[In most of China, women are being
urged to have more babies, to shore up a falling birthrate. But in Xinjiang,
they are being forced to have fewer.]
By Amy Qin
When the government ordered women in her mostly Muslim community to be fitted with contraceptive devices, Qelbinur Sedik pleaded for an exemption. She was nearly 50 years old, she told officials in Xinjiang. She had obeyed the government’s birth limits and had only one child.
It was no use. The workers
threatened to take her to the police if she continued resisting, she said. She
gave in and went to a government clinic where a doctor, using metal forceps,
inserted an intrauterine device to prevent pregnancy. She wept through the
procedure.
“I felt like I was no longer a
normal woman,” Ms. Sedik said, choking up as she described the 2017 ordeal.
“Like I was missing something.”
Across much of China, the
authorities are encouraging
women to have more children, as they try to stave off a demographic
crisis from a declining birthrate. But in the far western region of
Xinjiang, they are forcing them to have fewer, as they tighten their grip on
Muslim ethnic minorities.
It is part of a vast and repressive
social re-engineering campaign by a Communist Party determined to eliminate any
perceived challenge to its rule, in this case, ethnic separatism. Over the past
few years, the party, under its top leader, Xi Jinping, has moved aggressively
to subdue Uyghurs and other Central Asian minorities in Xinjiang, putting
hundreds of thousands into internment
camps and prisons.
The authorities have placed the region under tight
surveillance, sent residents to work
in factories and placed children in boarding
schools.
By targeting Muslim women, the
authorities are going even further, attempting to orchestrate a demographic
shift that will affect the population for generations. Birthrates in the region
have already plunged in recent years, as the use of invasive birth control
procedures has risen, findings that were previously documented by a researcher, Adrian Zenz,
with The Associated Press.
While the authorities have said the
procedures are voluntary, interviews with more than a dozen Uyghurs, Kazakhs
and other Muslim women and men from Xinjiang, as well as a review of official
statistics, government notices and reports in the state-run media, depict a
coercive effort by the Chinese Communist Party to control the
community’s reproductive rights. The authorities pressured women to use IUDs or
get sterilized. As they recuperated at home, government officials were sent to
live with them to watch for signs of discontent; one woman described having to
endure her minder’s groping.
If they had too many children or
refused contraceptive procedures, they faced steep fines or, worse, detention
in an internment camp. In the camps, the women were at risk of even more abuse. Some
former detainees say they were made to take drugs that stopped their menstrual
cycles. One woman said she had been raped in a camp.

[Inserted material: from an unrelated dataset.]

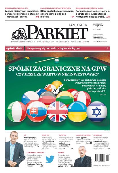 Sprawdziliśmy, jak zachowują się akcje wszystkich firm spoza Polski notowanych na naszej giełdzie – piszemy, na które warto postawić; Tauron stara się o pieniądze z PIR na nowe projekty; konsolidacja w branży spożywczej: które spółki będą przejmować, a które same pójdą pod młotek; pora pożegnać się ze strachem o strefę euro – akcje Starego Kontynentu dadzą zarobić; Andrzej Przybyło, który stoi na czele AB, zapewnia, że on i jego żona nie będą sprzedawać kolejnych pakietów akcji; doradztwo przy ofertach publicznych było dla maklerów w 2013 r. ważnym źródłem przychodów – czy w tym roku będzie podobnie; inwestorzy detaliczni mają coraz mniejsze szanse na zakup obligacji korporacyjnych renomowanych instytucji; spółki tygodnia, czyli których firm unikać, a w które warto zainwestować; fałszowanie statystyk, nacjonalizacje i dewaluacja peso – tak wyglądają fatalne dla argentyńskiej gospodarki rządy prezydent Cristiny Kirchner; media społecznościowe zyskują na znaczeniu, jednak w Polsce spółki i inwestorzy wciąż jak ognia unikają Facebooka i Twittera; to, że dług ciągle narasta, pozostaje dużym problemem Europy i ryzykiem dla rynków finansowych – uważa Piotr Lebiedziński, szef zespołu analiz z Banku BPS.

To rights advocates and Western
officials, the government’s repression in Xinjiang is tantamount to crimes against humanity and genocide, in large part because of the efforts to stem the
population growth of Muslim minorities. The Trump administration in January was
the first government to declare
the crackdown a genocide, with reproductive oppression as a leading reason;
the Biden administration affirmed the label in March.
Ms. Sedik’s experience, reported
in The Guardian and elsewhere, helped form the basis for
the decision by the United States government. “It was one of the most detailed
and compelling first-person accounts we had,” Kelley E. Currie, a former United
States ambassador who was involved in the government’s discussions. “It helped
to put a face on the horrifying statistics we were seeing.”
Beijing has accused its critics of
pushing an anti-China agenda.
The recent declines in the region’s
birthrates, the government has said, were the result of the authorities’ fully
enforcing longstanding birth restrictions. The sterilizations and contraceptive
procedures, it said, freed women from backward attitudes about procreation and
religion.
“Whether to have birth control or
what contraceptive method they choose are completely their own wishes,” Xu
Guixiang, a Xinjiang government spokesman, said at a news conference in
March. “No one nor any agency shall interfere.”
To women in Xinjiang, the orders
from the government were clear: They didn’t have a choice.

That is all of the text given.